#### [WHAT IS REQUIRED]
Everything from the first line of the material to the line containing "Kraljevo Serbia Panoramic", inclusive, must be given again exactly; no pictures, and nothing past that line.
------ DATA EXTRACT
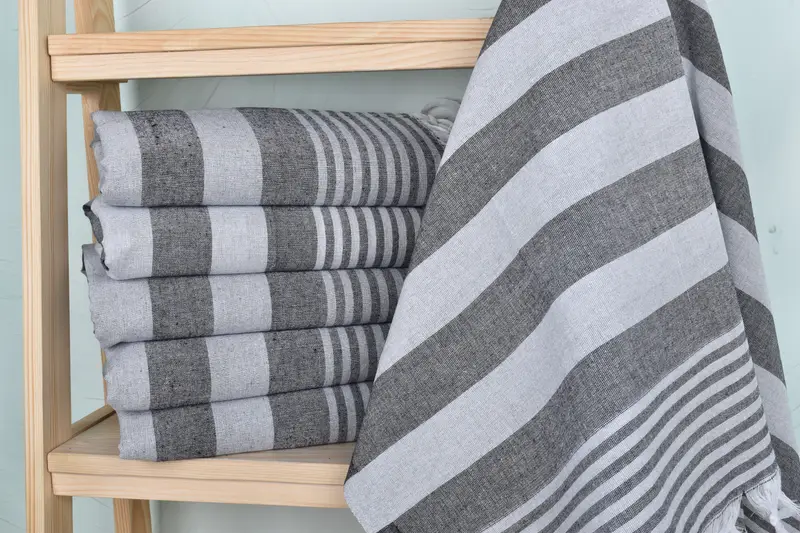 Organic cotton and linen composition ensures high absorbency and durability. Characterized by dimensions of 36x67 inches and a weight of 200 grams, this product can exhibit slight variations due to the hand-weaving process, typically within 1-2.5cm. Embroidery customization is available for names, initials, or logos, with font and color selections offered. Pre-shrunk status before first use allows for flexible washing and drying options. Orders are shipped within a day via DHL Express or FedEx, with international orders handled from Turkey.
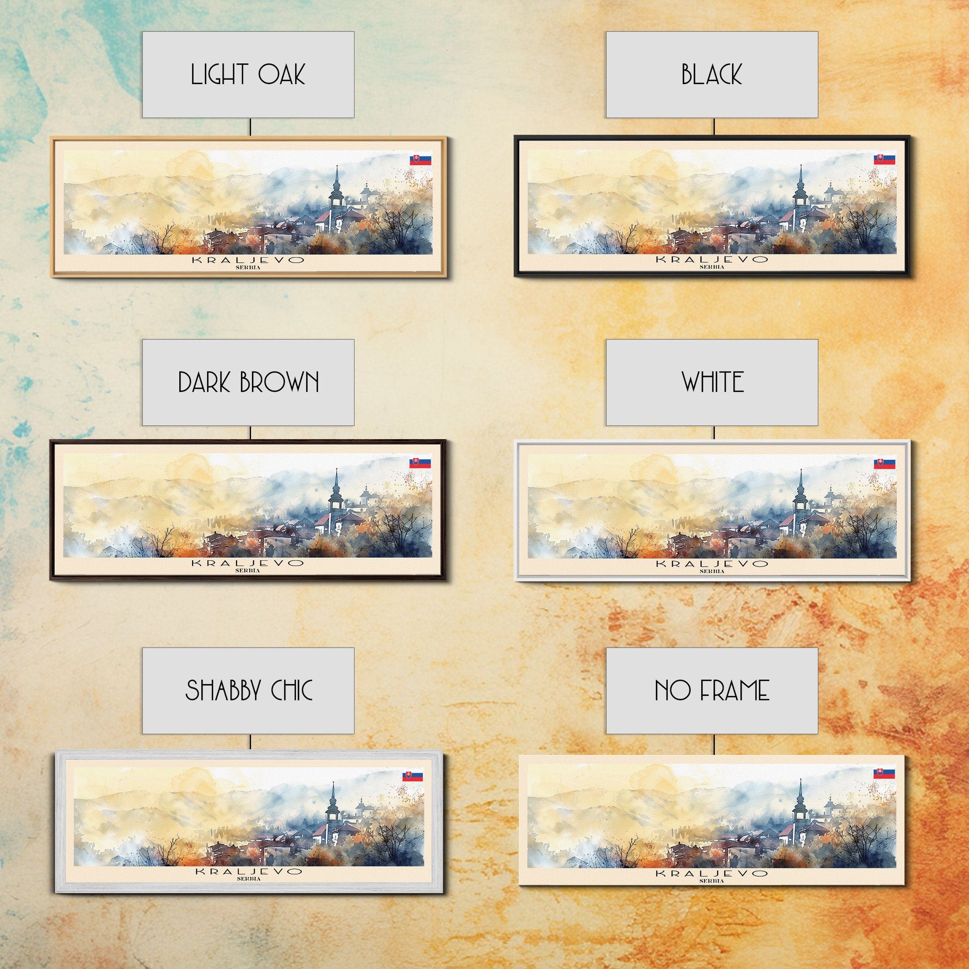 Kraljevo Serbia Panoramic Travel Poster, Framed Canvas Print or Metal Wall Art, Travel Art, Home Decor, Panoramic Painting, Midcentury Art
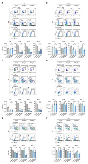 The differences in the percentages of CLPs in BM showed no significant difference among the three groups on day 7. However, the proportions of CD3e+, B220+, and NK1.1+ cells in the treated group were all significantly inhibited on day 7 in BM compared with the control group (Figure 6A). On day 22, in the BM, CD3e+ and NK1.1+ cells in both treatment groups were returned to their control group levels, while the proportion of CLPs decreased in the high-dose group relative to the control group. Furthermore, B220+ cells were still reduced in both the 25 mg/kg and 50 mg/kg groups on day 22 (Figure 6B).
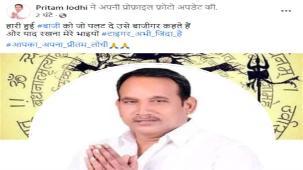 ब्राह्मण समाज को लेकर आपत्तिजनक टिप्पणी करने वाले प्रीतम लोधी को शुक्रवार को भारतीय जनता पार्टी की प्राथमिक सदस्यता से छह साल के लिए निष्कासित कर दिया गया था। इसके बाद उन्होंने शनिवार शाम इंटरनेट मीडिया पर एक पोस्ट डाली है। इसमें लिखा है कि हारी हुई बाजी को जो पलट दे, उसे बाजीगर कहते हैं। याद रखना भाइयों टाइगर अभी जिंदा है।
------------
#### [RESPONSE]
 Organic cotton and linen composition ensures high absorbency and durability. Characterized by dimensions of 36x67 inches and a weight of 200 grams, this product can exhibit slight variations due to the hand-weaving process, typically within 1-2.5cm. Embroidery customization is available for names, initials, or logos, with font and color selections offered. Pre-shrunk status before first use allows for flexible washing and drying options. Orders are shipped within a day via DHL Express or FedEx, with international orders handled from Turkey.
 Kraljevo Serbia Panoramic Travel Poster, Framed Canvas Print or Metal Wall Art, Travel Art, Home Decor, Panoramic Painting, Midcentury Art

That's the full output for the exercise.